SnowPro Core Certification: Data Loading and Unloading (4/8)



✅warehouse and parallel loading

XS sized warehouse can load eight files parallelly.

S sized warehouse can load sixteen files parallelly.

✅ Clone and load

Cloning doesn't copy the load metadata of a cloned tableA cloned table does not include the load history of the source table. Therefore, the load metadata for a cloned table would be empty. Thus, files already loaded for the source table can be loaded again into the cloned table.

✅ Load

👉File size

To optimize the number of parallel operations for a load, Snowflake recommends aiming to produce data files roughly 100-250 MB (or larger) in size compressed

👉Pattern matching

Pattern matching using a regular expression is generally the slowest of the three options for identifying/specifying data files to load from a stage; however, this option works well if you exported your files in named order from your external application and want to batch load the files in the same order 

👉Loading time limit

In addition, if a data loading operation continues beyond the maximum allowed duration of 24 hours, it could be aborted without any portion of the file being committed.

👉Transformation in Loading


When loading data into a table using the COPY command, Snowflake allows you to do simple transformations on the data as it is being loaded. During the load process, the COPY command allows for modifying the order of columns, omitting one or more columns, casting data into specified data types, and truncating values. 

While loading the data, complex transformations such as joins, filters, aggregations, and the use of FLATTEN are not supported as they are not essential data transformations. Therefore, joining, filtering, and aggregating the data are supported ONLY after the data has been loaded into a table.

The table stages do not allow basic transformations during the COPY process; thus, basic transformations may only be performed while loading data from external stages, named internal stages or user stages.

👉File Format

If no File Format object or options are not provided to either the stage or copy statement, the default behaviour will be to try and interpret the contents of a stage as a CSV with UTF-8 encoding.

👉Parameters in copy into

ENFORCE_LENGTH:   
  • If TRUE, the COPY statement produces an error if a loaded string exceeds the target column length.

  • If FALSE, strings are automatically truncated to the target column length. 

TRUNCATECOLUMNS:

  • If TRUE, strings are automatically truncated to the target column length.

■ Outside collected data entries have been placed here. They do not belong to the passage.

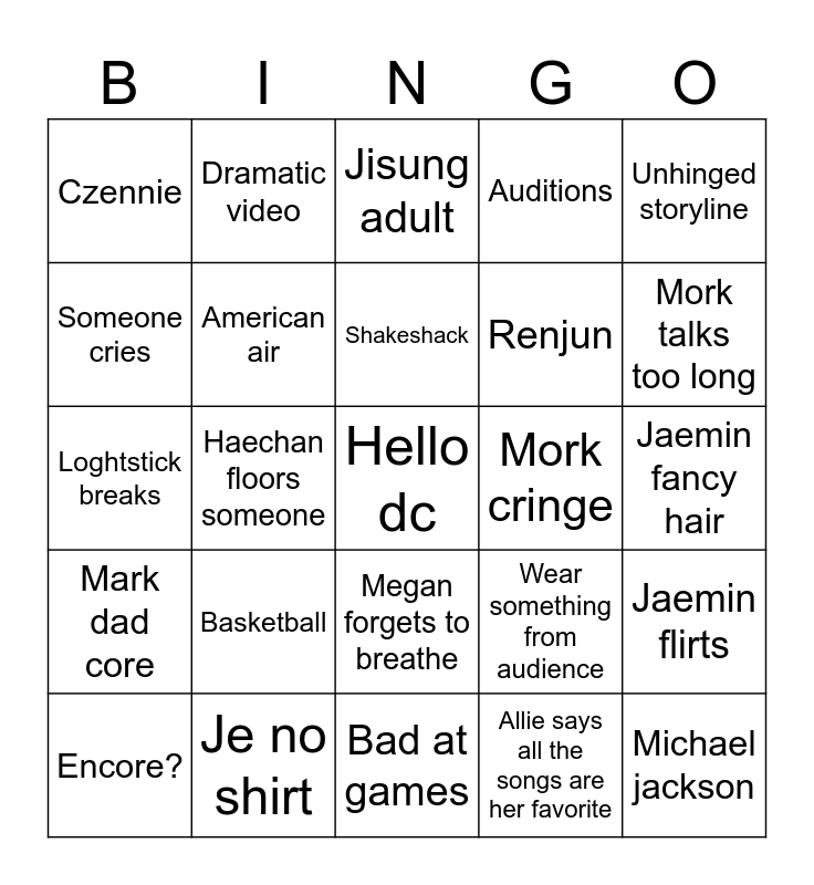 This bingo card has a free space and 24 words: Basketball, Je no shirt, Shakeshack, Encore?, Unhinged storyline, Czennie, Someone cries, Dramatic video, Mork cringe, Megan forgets to breathe, Renjun, Loghtstick breaks, Wear something from audience, Jaemin flirts, American air, Allie says all the songs are her favorite, Jaemin fancy hair, Jisung adult, Mork talks too long, Haechan floors someone, Michael jackson, Mark dad core, Auditions and Bad at games.
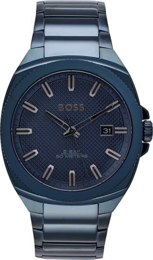 Bold markers and a convenient date window stand out on the textured dial of this classically sophisticated watch fitted with a polished bracelet.
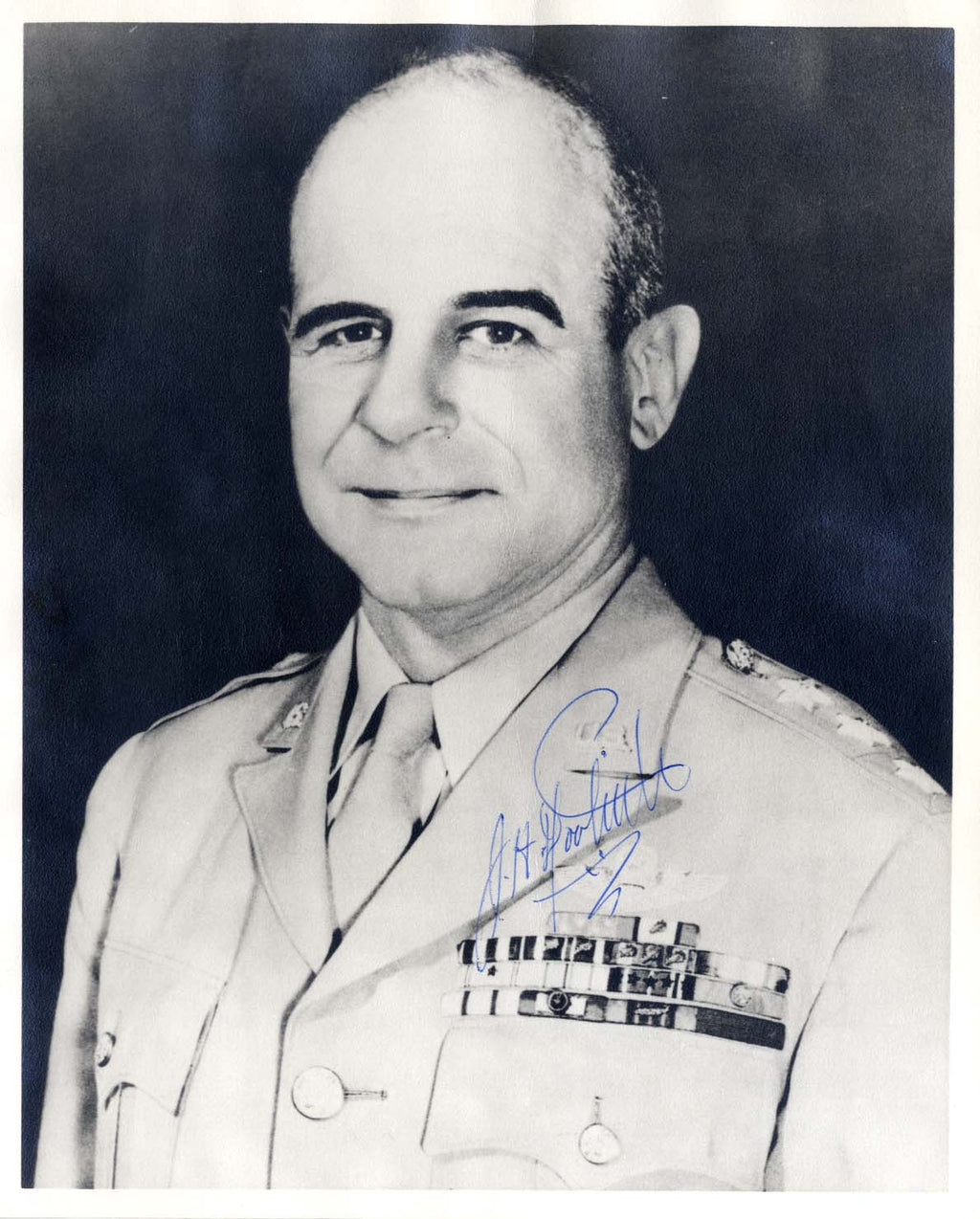Signed vintage matte-finish studio photograph (stamp verso), shows James H. `Jimmy` Doolittle in an official chest-up portrait in his Air Force uniform, 8 x 10 inch, signed blue ballpoint ink "J. H. Doolittle", with some silvering, one mild vertical crease, and slightly waved to the edges - in fine condition. Accompanied by a photograph signed by Norman Schwarzkopf Jr. (1934-2012), 8 x 10 inch, signed in golden ink, in very fine condition & a mounted photograph signed by Alfred Mason Gray Jr. (1928-2024), 11 x 14 inch, signed and inscribed on the mount in black felt tip, with mild signs of wear - in fine to very fine condition.
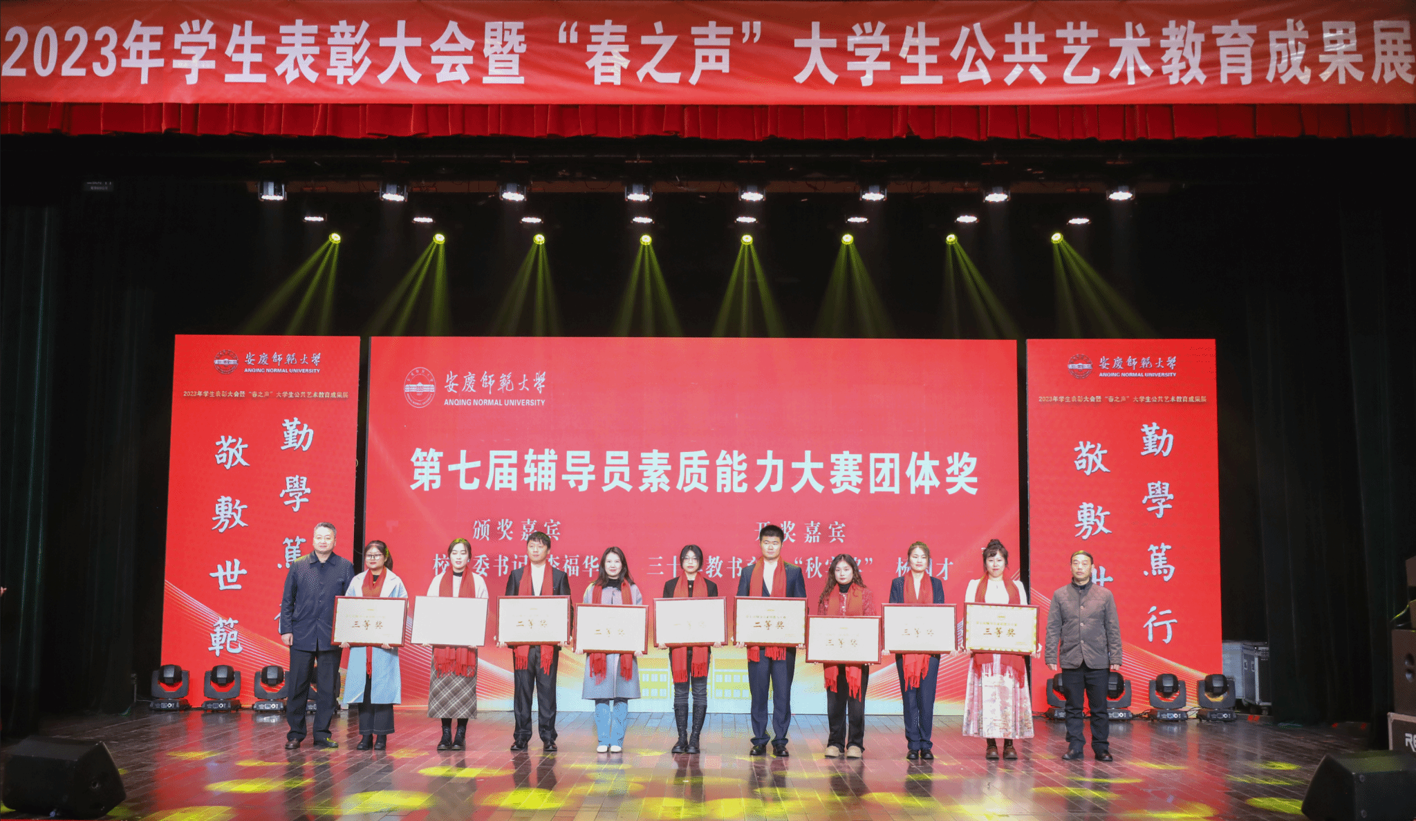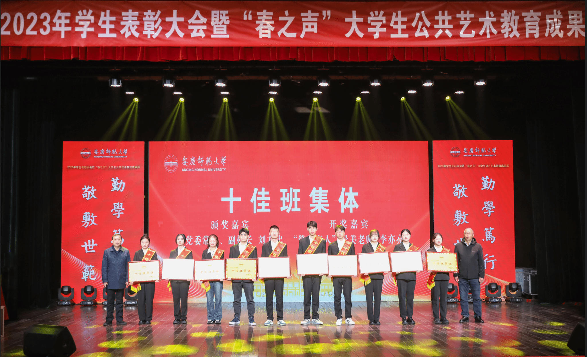 大会分为“莘莘学子 勤勉致知” “材优干济 锐意创新”“携手筑梦 扬帆远航”“春风化雨 立德树人”四个篇章,分别对五好学生标兵、五好学生干部标兵、国家奖学金与国家励志奖学金获得者、A类学科与技能竞赛获奖者、十佳班集体、辅导员素质能力大赛团体奖进行表彰。学校2023年“三全育人”最美老师代表分别开奖,李福华、刘友忠、吴琼、肖新、申传胜和最美老师代表共同为获奖代表颁发证书和奖牌。
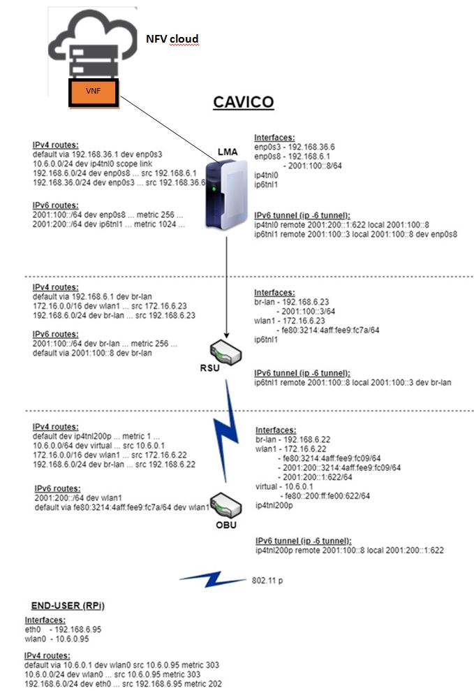 The network infrastructure in Aveiro that was used for CAVICO project is presented in Figure 2. CAVICO client software was installed in the RPi board. It communicates with OBU via IEEE 802.11p interface. The OBU device provides access to the core network via WLAN access. This wireless transmission was handled by RSU. Routing and authentication between the network infrastructure in Aveiro and the remaining network resources including the NFV cloud were managed by the LMA gateway.
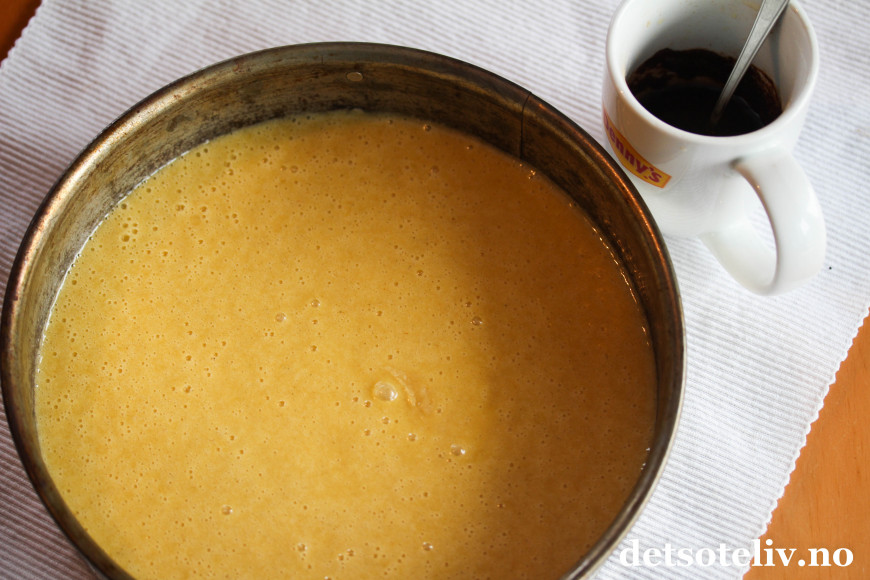 Fordel deigen utover i en rund form (26 cm i diameter) med bakepapir i bunnen.
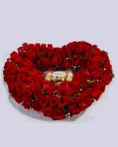 Sweet HeartLovely arrangement of 60 Red roses with a 16P Ferrero Rocher in the Center truly Sweet Heart…...........
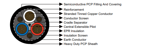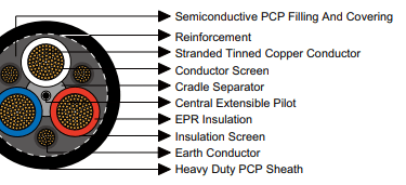 Visual Suggestion: A labeled cross-section showing conductor, insulation, screens, PCP layers, textile reinforcement, and sheath would help readers understand the cable’s construction.
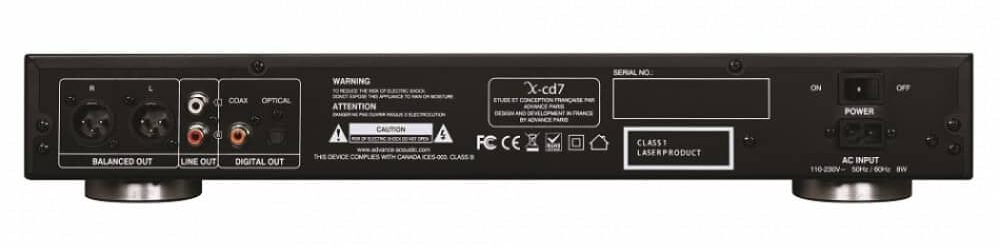 Utrustad med koaxial (RCA) och optisk (TOSLINK) digitala utgångar, obalanserade (RCA) och balanserade (XLR) analoga utgångar, är X-CD7 den idealiska CD-spelaren för ditt Hi-Fi-system och din stora CD-samling.
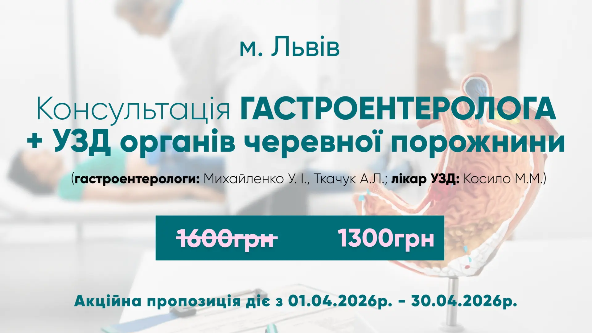 Деталі АкціїКомплексна перевірка шлунково-кишкового тракту — в одному візиті. Не відкладайте турботу про себе — скористайтесь акцією вже зараз....

  • If FALSE, the COPY statement produces an error if a loaded string exceeds the target column length.

👉Load metadata

The load metadata stores a variety of information, such as the name of every file that was loaded into that table and the time stamp corresponding to the time that a file was loaded. By utilizing this load metadata, Snowflake ensures that it will not reprocess a previously loaded file. The load metadata expires after 64 days

Snowflake skips over any older files for which the load status is undetermined.


✅ Unload

The OBJECT_CONSTRUCT function can be used in combination with the COPY command to convert the rows in a relational table to a single VARIANT column and unload the rows into a file.

The unloading process automatically exports to multiple files so that it can take advantage of the parallelism offered by Snowflake. However, if needed, you can set the SINGLE parameter to true to ensure the export goes to a single file. The default size of each output file is 16 MB but can be changed using the MAX_FILE_SIZE parameter. The maximum allowed size per file is 5GB if you export data to cloud storage

When data is unloaded from Snowflake, it is automatically compressed using gzip compression. This is the default behavior; however, you can specify alternate compression methods or turn off compression entirely.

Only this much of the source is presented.